SoSheTakesTheDog · 20/07/2023 16:33

But, yes, I think the lack of message has kind of made me stop and think "Hang on a minute, am I being taken for a mug here?"

He doesn't strike me as the sort of man who becomes dependent on other people after he's been widowed. Him and his wife had a very equal relationship - he's not one of these useless men who can't cook, clean, do life-admin etc. But maybe I'm wrong.

OP posts:
Freysimo · 20/07/2023 16:33

TBH OP, if it were my husband he wouldn't think to text back until you'd updated him. Most men don't think like women.

flowerrewolf · 20/07/2023 16:34

This reply has been withdrawn

Withdrawn at OP's request

SoSheTakesTheDog · 20/07/2023 16:35

Freysimo · 20/07/2023 16:33

TBH OP, if it were my husband he wouldn't think to text back until you'd updated him. Most men don't think like women.

See, if it was my DP he'd have text back with good wishes and an offer of help.

On the whole, I agree with you that men don't think in the same way.
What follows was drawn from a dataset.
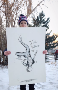 Throughout the season, Hilmer collected reference photos of skaters in contention for the Olympic team from Instagram, skating news websites, and skating photographers, including Figure Skaters Online’s own Robin Ritoss. Then, she’d create a sketch of the skater or team based on the photos, before scanning it into Photoshop on her computer. In Photoshop, she went over the drawing with the brushstrokes that she would eventually do on paper – almost like a rough draft. Next, she’d use a projector to impose that Photoshop image on the actual paper to trace the outline of her sketch and add the actual brushstrokes on the paper.

But, and I actually can't believe I'm about to type this..... Not all men 😝

OP posts:
cstaff · 20/07/2023 16:36

Ungrateful little shit - screw that OP. Just make sure that you are completely unavailable from now on.

SoSheTakesTheDog · 20/07/2023 16:37

This reply has been deleted

Withdrawn at OP's request

I mean, he says "Thanks" for sure. And he's baked a cake a couple of times for when I've been round.

Long-term is a weird one. His dog's very, very old and unsteady so it being a "long-term" arrangement doesn't necessarily mean a long time. I know that sounds awful and unkind.